Give back the full listing exactly, setting the pictures aside.

START DATA EXTRACT

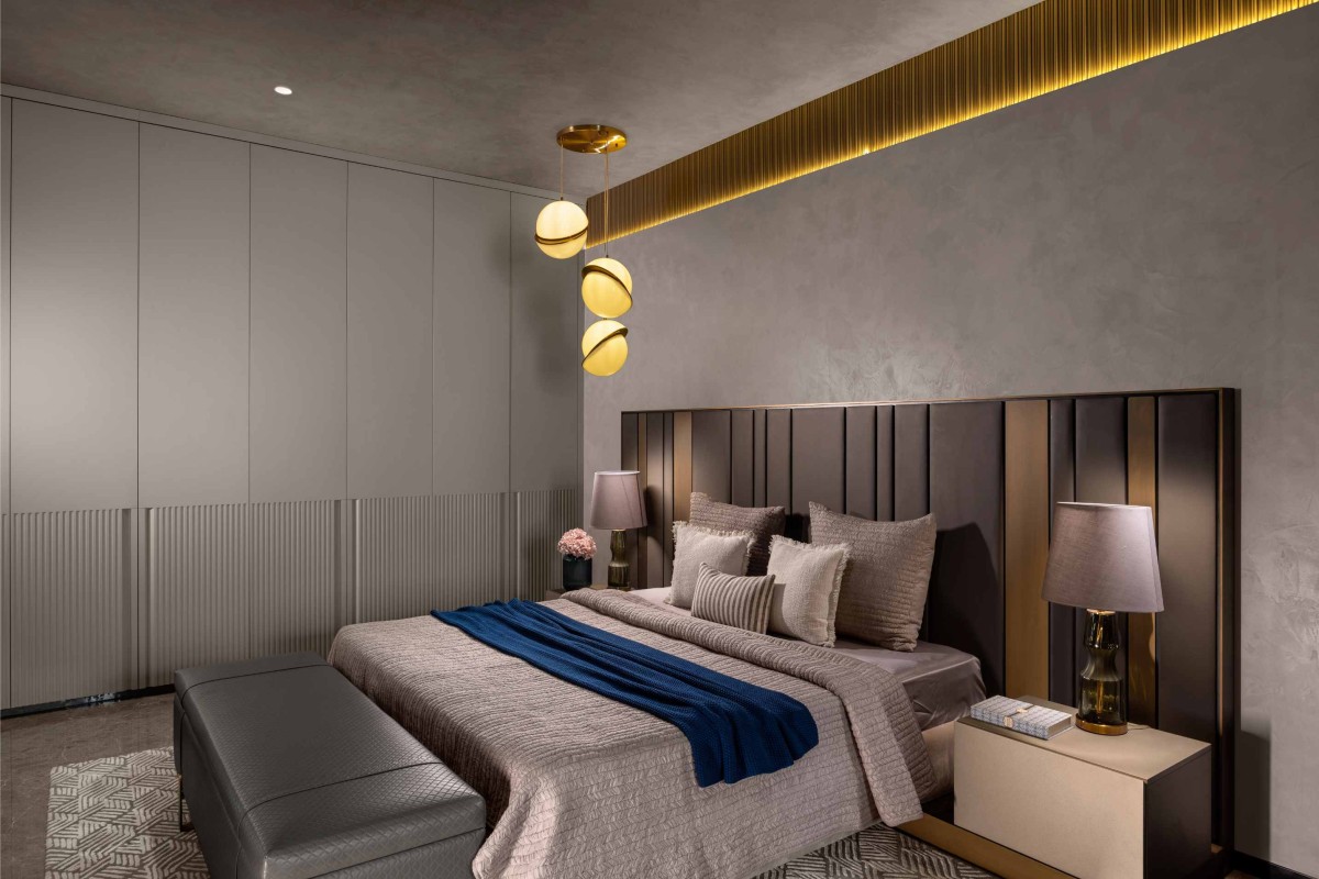 The master bedroom is an essence of contemporary design tastefully embodied in every detail. The seamlessly combined walk-in closet offers both functionality and aesthetics, ensuring that the space is not only a private sanctuary but also a practical storage solution. A padded bed back, upholstered in luxurious fabrics, creates a focal point of comfort and sophistication. Beautifully curated furniture pieces, meticulously selected for their form and function, add an air of refined elegance to the room. Softly falling from above, hanging lights emit a gentle glow, crafting an ideal ambiance for relaxation and intimacy. This master bedroom is a testament to the artful fusion of contemporary design elements, resulting in a haven of style, comfort, and practicality.
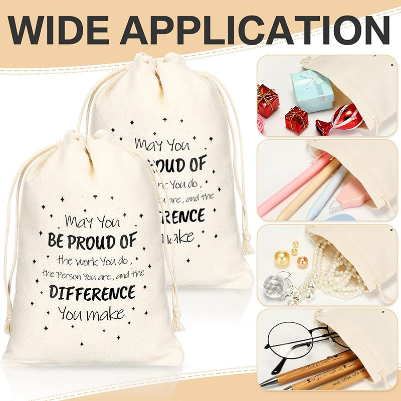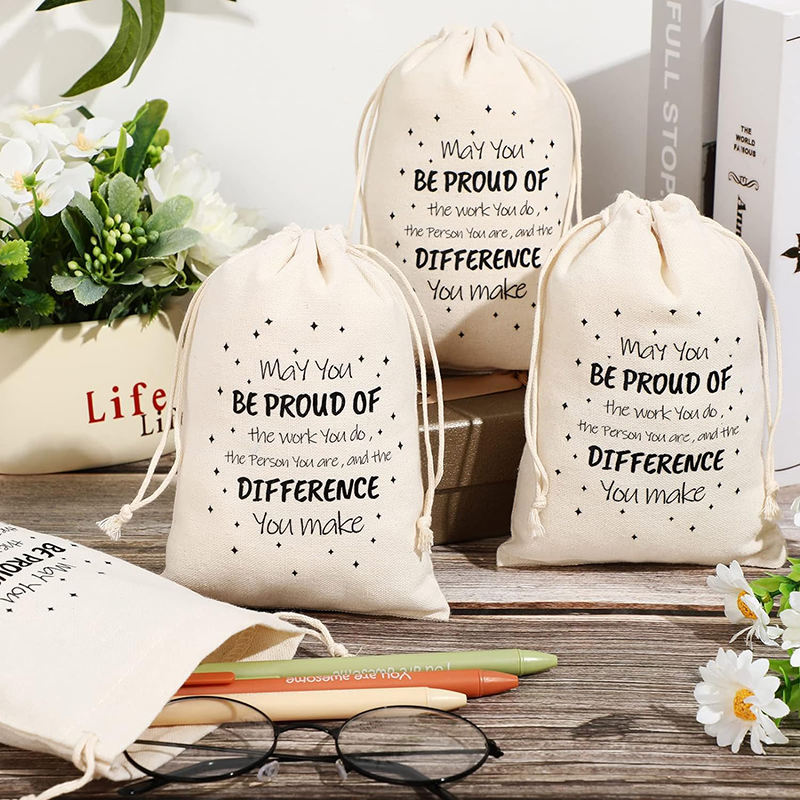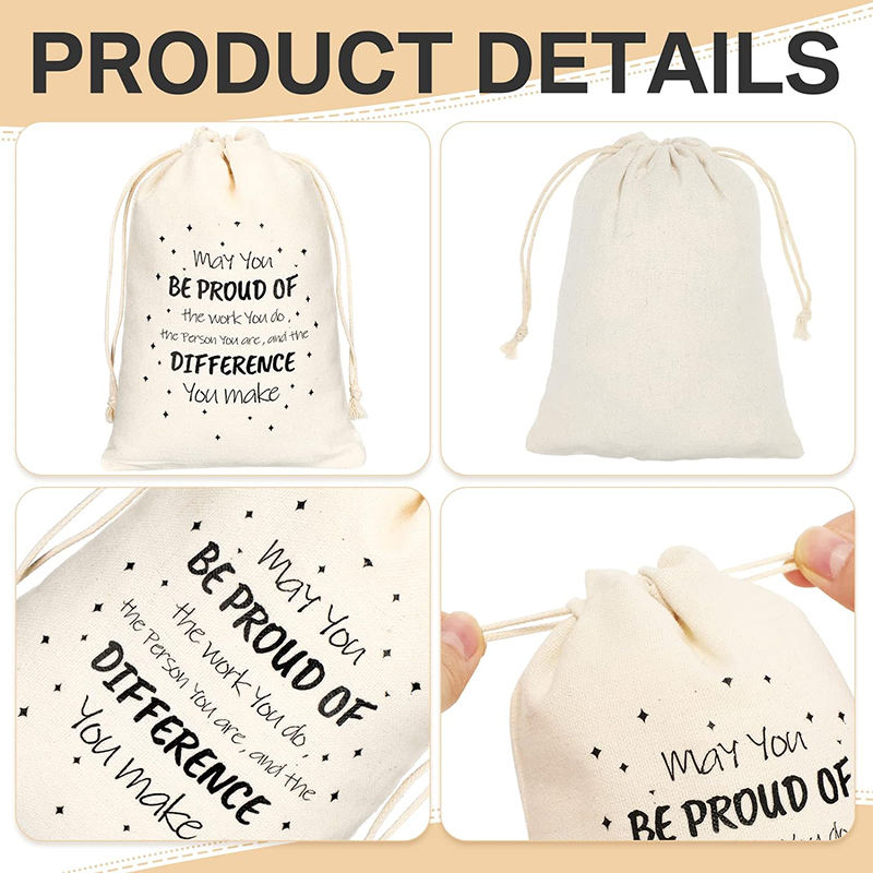 Calico Gracias Bolsas de regalo Cordón de algodón Equipo Bolsas de regalo para el aniversario del empleo
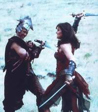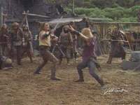 Mientras tanto, de vuelta en el campamento, la Malvada Xena entrena a sus hombres para que cumplan su plan de matar al Hercules. Les da una tunda a todos y los llama patéticos. Qué mujer. Sin lugar a dudas, ellos piden más.
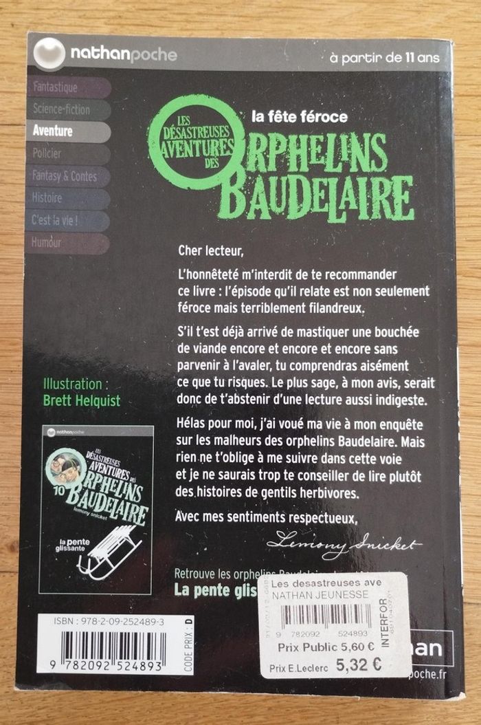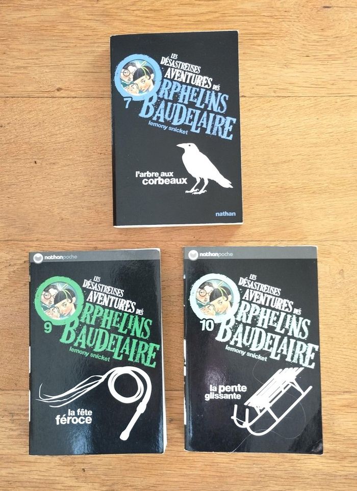 lot de 3 livres Les désastreuses aventures des orphelins Baudelaire de Lemony Snicket - tome 7 : l'arbre aux corbeaux - tome 9 : la fête féroce - tome 10 : la pente glissante Editions Nathan pour enfant dès 11 ans Quelques traces d'utilisation

END DATA EXTRACT

**SOLUTION:**
 The master bedroom is an essence of contemporary design tastefully embodied in every detail. The seamlessly combined walk-in closet offers both functionality and aesthetics, ensuring that the space is not only a private sanctuary but also a practical storage solution. A padded bed back, upholstered in luxurious fabrics, creates a focal point of comfort and sophistication. Beautifully curated furniture pieces, meticulously selected for their form and function, add an air of refined elegance to the room. Softly falling from above, hanging lights emit a gentle glow, crafting an ideal ambiance for relaxation and intimacy. This master bedroom is a testament to the artful fusion of contemporary design elements, resulting in a haven of style, comfort, and practicality.
 Calico Gracias Bolsas de regalo Cordón de algodón Equipo Bolsas de regalo para el aniversario del empleo
 Mientras tanto, de vuelta en el campamento, la Malvada Xena entrena a sus hombres para que cumplan su plan de matar al Hercules. Les da una tunda a todos y los llama patéticos. Qué mujer. Sin lugar a dudas, ellos piden más.
 lot de 3 livres Les désastreuses aventures des orphelins Baudelaire de Lemony Snicket - tome 7 : l'arbre aux corbeaux - tome 9 : la fête féroce - tome 10 : la pente glissante Editions Nathan pour enfant dès 11 ans Quelques traces d'utilisation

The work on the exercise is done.